Related: Mass layoffs complicate oil industry’s long-term plans: Kemp

Work-Life Balance

When it comes to work and life outside of work, younger generations are much better at balancing out their time between the two.  However, when it comes to the Baby Boomers and Traditionals, these generations are much more reluctant to leave work and enjoy some free time. The older generations are more so the “do whatever it takers.”

Dr. Cullen uses North Dakota’s Bakken region as an example: “In an area like the Bakken Basin, where housing is at a premium and many workers struggle to find a safe place to sleep or something nourishing to eat when their shifts are over, Gen Xers are much more likely to quit than to put up with substandard housing or meals.”  This shows that older generations are more open to adapting to their surroundings in order to work than younger generations.

Workforce Diversity

Historically, energy industries’ employee populations have been homogeneous.  Dr. Cullen references a NIOSH report that explains how such “populations have benefitted from common values ‘often because of the geographic locations of mines and the adjacent communities and also because families included generations of workers: a grandfather, an uncle, a father, a son, a cousin.’”  Yet, in today’s work world that is not the case.
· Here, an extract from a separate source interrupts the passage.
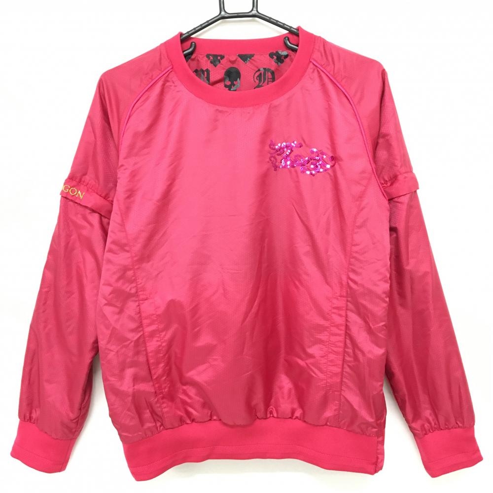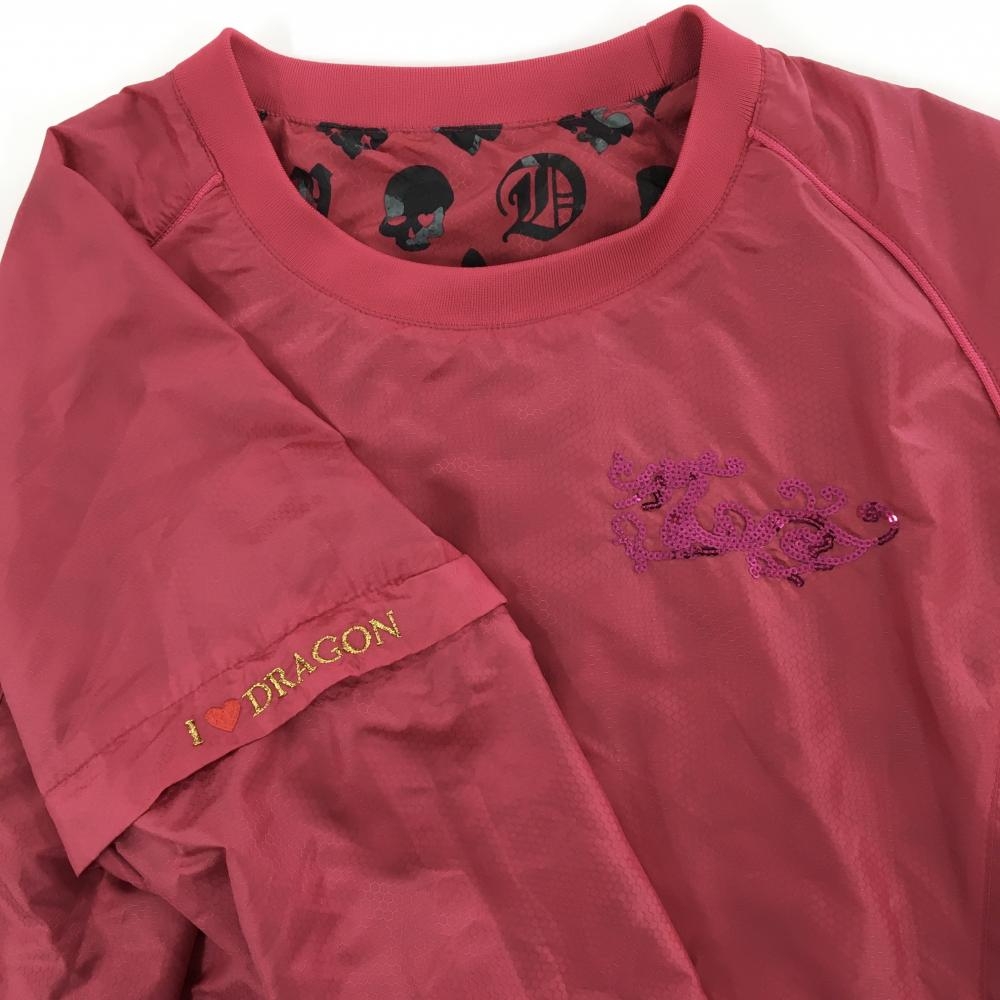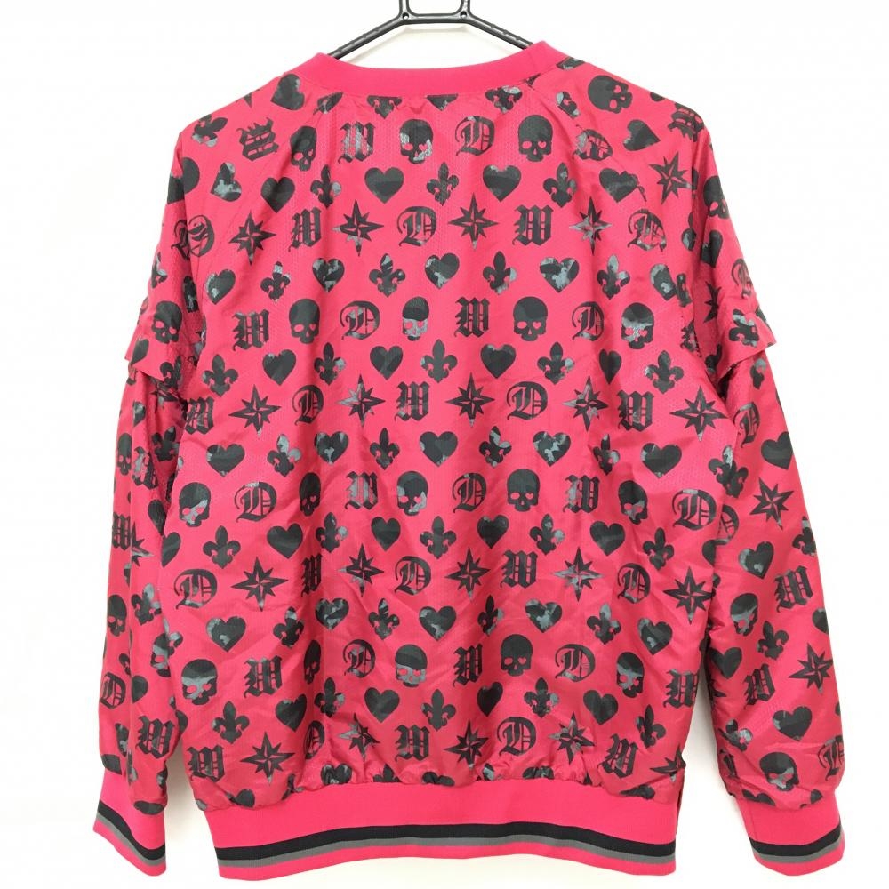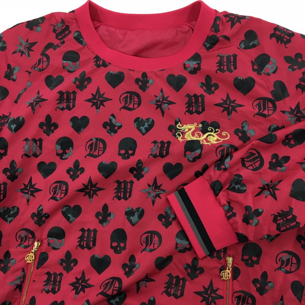 【超美品】ダンスウィズドラゴン 4WAYリバーシブルスニード レッド×黒 総柄 スカル レディース 3(L) ゴルフウェア Dance With Dragon

Today’s workforce is also becoming much more diverse according to demographics data. Industries that have mainly been homogenous are now facing a workforce that comes from “different generations, different national origins, different genders and different parts of the country.”

Safety and Health

While it doesn’t seem like safety and health have much to do with people retiring and new workers filling positions, they actually have a lot to do with The Great Crew Change.  According to Dr. Cullen, statistics prove that injuries in the workplace are on the rise, especially in the energy industry.  It is obvious that as we age our bodies are much more susceptible to injuries like sprains, strains and broken bones, and even cumulative trauma injuries.  Chronic illnesses and diseases that are received from worksites will also start to take effect on our bodies.  However, while it seems like older generations received the short end of the stick, the younger workforce is more prone to traumatic injuries.

Dr. Cullen reported the following in her paper regarding specialized training for industries that are high risk:

Training is an obvious answer, and the NAS study concludes that high quality training is needed to address safety and health issues faced by workers at both ends of their careers, so that these employees can be successful. Training is legally required in industries such as mining and nuclear power, and an argument could be made that it is morally required for all of these industries.


It is obvious the energy industry is starting to and will suffer from The Great Crew Change, but Dr. Cullen has a solution that could help ease the pain of transitioning to an entirely different workforce.

In her white paper, Dr. Cullen uses Target Logistics as an example of a company that has adjusted to The Great Crew Change and has made the changes it needed to help all of its employees be comfortable and work together.

To read Dr. Cullen’s explanation of Target Logistics and its workforce model, click here.

The Long-Term Focus

Dr. Cullen concludes her paper by reminding people that change is inevitable and it cannot be avoided.  If we want to be able to succeed and grow we must accept the fact that things are not always going to go as we please and we have to adapt to the world around us.

The Great Crew Change is the perfect example of this.  It is a change that was bound to happen, and now we must decide how to handle the shift from generations in the energy industry workforce to its younger, inevitable replacements.  It certainly won’t be easy and will take time, but adaptation is necessary if the energy industry wants to continue to grow and be successful.